Asked if entitlements are “on his plate,” the president told CNBC’s Joe Kernen Wednesday, “At some point they will be.” The president said strong US growth made addressing entitlements “the easiest of all things.”

Cue the Democrats.

“The president promised that unlike other Republicans, he wouldn’t touch Social Security, and Medicare,” said Senator Chuck Schumer during a press conference to discuss the president’s impeachment trial. “He’s already broken that promise and gone after Medicare. Now it looks like Social Security is in the president’s crosshairs as well.”

Just as the White House was dangling an election year tease for new tax cuts, the president made different headlines by casually touching the third rail of American politics.

“Social Security reform is a virtually impossible sell, and Democrats are smacking their lips — Trump has given them an issue,” wrote political economist Greg Valliere in a note to his clients.

Trump had promised during the election that a super-strong Trump economy growing at 4 percent would fix the long-term problems for big government outlays like Social Security and Medicare. (The economy instead is growing around 2 percent.)

Some think the president tried to climb down Thursday with a tweet he would “save” Social Security from Democrats who want to “destroy” it.

But it hasn’t quieted the debate.

“Democrats in this town have been hand-wringing about their prospects in the presidential race,” writes Valliere, DC-based chief US policy strategist at AGF Investments. “Las Vegas oddsmakers have made Donald Trump the clear favorite.

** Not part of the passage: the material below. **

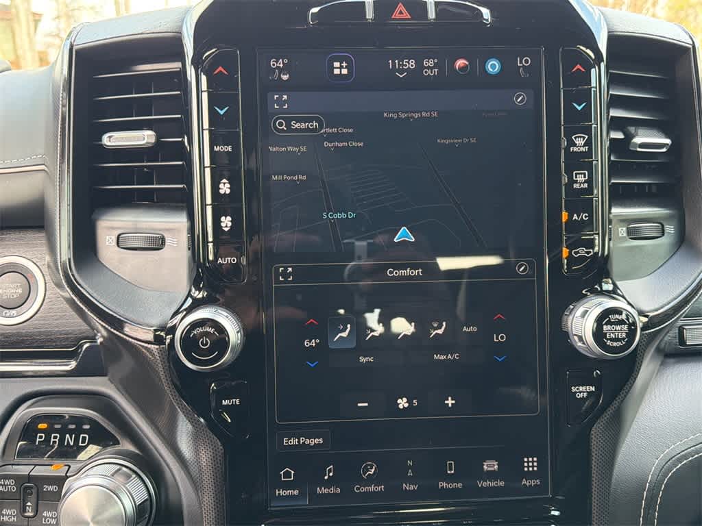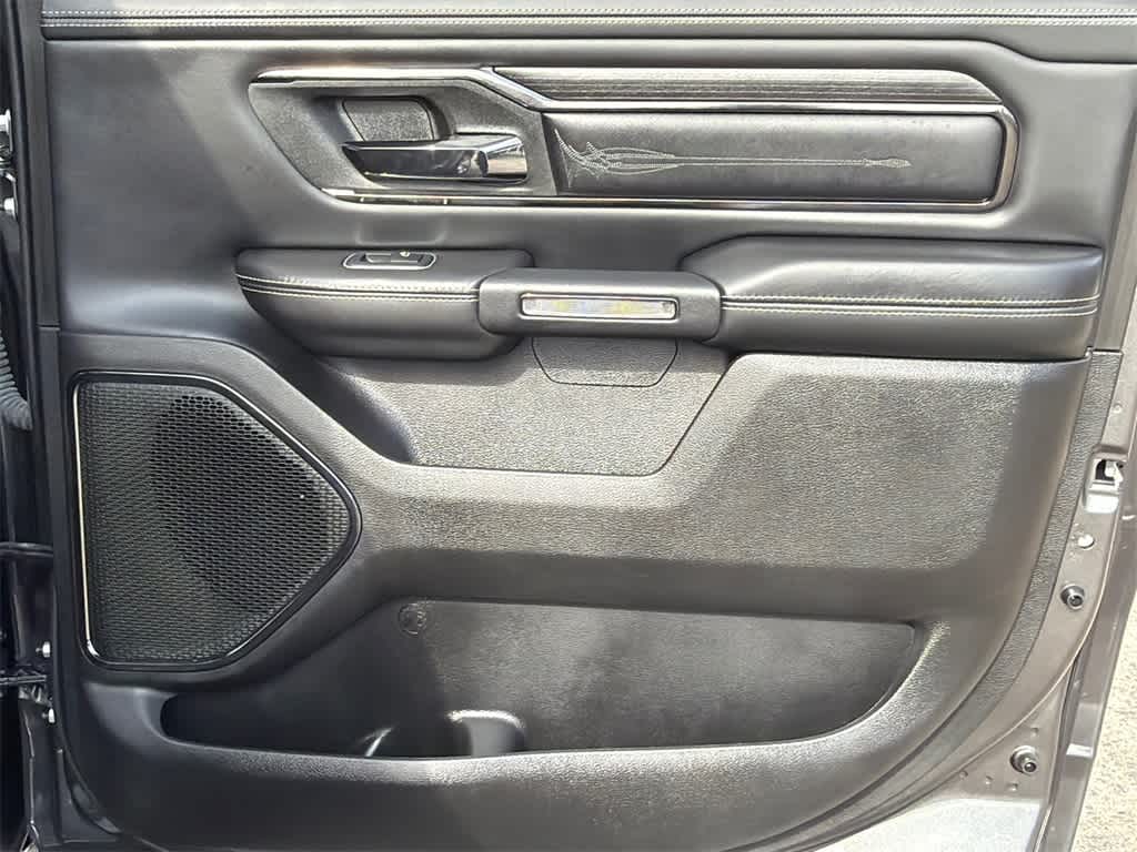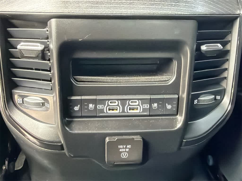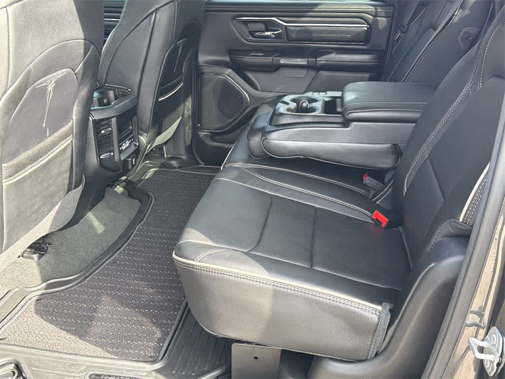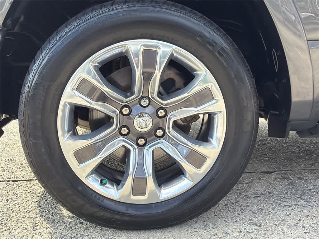 1500 Limited is nicely equipped with Body Color Bumper Group (Body Color Front Bumper and Body Color Rear Bumper w/Step Pads), Quick Order Package 27M Limited, Ford Blue Certified Non-Ford Certified, 10 Speakers, 4 Way Front Headrests, 4-Wheel Disc Brakes, 48V Belt Starter Generator, ABS brakes, Active Noise Control System, Adjustable pedals, Air Conditioning, Alloy wheels, AM/FM radio: SiriusXM with 360L, Anti-Spin Differential Rear Axle, Apple CarPlay/Android Auto, Audio memory, Auto High-beam Headlights, Auto-dimming door mirrors, Auto-Dimming Exterior Driver Mirror, Auto-dimming Rear-View mirror, Auto-leveling suspension, Automatic temperature control, Bodyside moldings, Brake assist, Bucket Seats, Bumpers: chrome, Chrome Exterior Mirrors, Compass, Convex Wide-Angle Exterior Mirror Insert, Delay-off headlights, Driver door bin, Driver Seat Memory, Driver vanity mirror, Dual front impact airbags, Dual front side impact airbags, Dual Rear Exhaust w/Bright Tips, Electronic Stability Control, Exterior Mirrors Courtesy Lamps, Exterior Mirrors w/Heating Element, Exterior Mirrors w/Memory, Exterior Mirrors w/Supplemental Signals, Front anti-roll bar, Front Bucket Seats, Front Center Armrest w/Storage, Front dual zone A/C, Front fog lights, Front reading lights, Front Seat Back Map Pockets, Front wheel independent suspension, Full Length Premium Floor Console, Fully automatic headlights, Garage door transmitter, Genuine wood console insert, Genuine wood dashboard insert, Genuine wood door panel insert, Heated door mirrors, Heated Front Seats, Heated front seats, Heated rear seats, Heated Second Row Seats, Heated Steering Wheel, Heated steering wheel, Heavy-Duty Engine Cooling, HEMI Badge, Illuminated entry, Leather steering wheel, Low tire pressure warning, Memory seat, Navigation System, Occupant sensing airbag, Outside temperature display, Overhead airbag, Overhead console, Panic alarm, ParkView Rear Back-Up Camera, Passenger door bin, Passenger vanity mirror, Passive Tuned Mass Damper, Pedal memory, Power 4-Way Driver Lumbar Adjust, Power 4-Way Passenger Lumbar Adjust, Power 8-Way Driver & Passenger Seats, Power door mirrors, Power driver seat, Power passenger seat, Power steering, Power windows, Power-Folding Mirrors, Premium Leather Trimmed Bucket Seats, Radio data system, Radio: Uconnect 5 Nav w/12.0 Display, Rain sensing wipers, Rear 60/40 Folding Split Recline Seat, Rear anti-roll bar, Rear seat center armrest, Rear step bumper, Rear window defroster, Remote keyless entry, Security system, Speed control, Split folding rear seat, Steering wheel mounted audio controls, Tachometer, Telescoping steering wheel, Tilt steering wheel, Traction control, Trip computer, Turn signal indicator mirrors, Variably intermittent wipers, Ventilated Front Seats, Ventilated front seats, Ventilated Rear Seats, Ventilated rear seats, Voltmeter, and Wheels: 20 x 9 Aluminum Painted/Polished.

Inexplicably, he gave Democrats a major opening this week — Social Security, the third rail that politicians never want to touch.”

It’s unclear if the White House is serious about entitlement reform or if the president was just, well, talking.

What is clear: the combination of an economy growing at just about 2% the president’s 2017 tax cuts, and a huge spending bill, have sent the deficit soaring. The budget deficit has already topped $1 trillion in the Trump Administration, and grew another 12% from the year before in the first quarter of this fiscal year.

Even if entitlement reform were a priority, the balance of power makes it unlikely.

“If re-elected, the President will pursue more tax cuts and will not pursue significant entitlement reform,” economist Mark Zandi of Moody’s Analytics tells CNN. It “wouldn’t happen unless the (Republicans) captured the House and held onto the Senate, which at this point seems unlikely,” Zandi says. “If President Trump is re-elected, we can expect $1 trillion plus budget deficits for the foreseeable future, and much large deficits when the next recession hits.”

Politics aside, there’s a case for slowing the growth of entitlement programs like Social Security, says Valliere. Congress periodically considers reforms to the cost of living adjustments, raising the age of eligibility, increasing Social Security taxes, means-testing benefits, and tightening eligibility rules. But cowed by public outcry and lack of consensus, never acts. And the deficit hawks in the traditional Republican party appear to be in hiding.

“Chances of enactment are close to zero,” in a second Trump administration, says Valliere.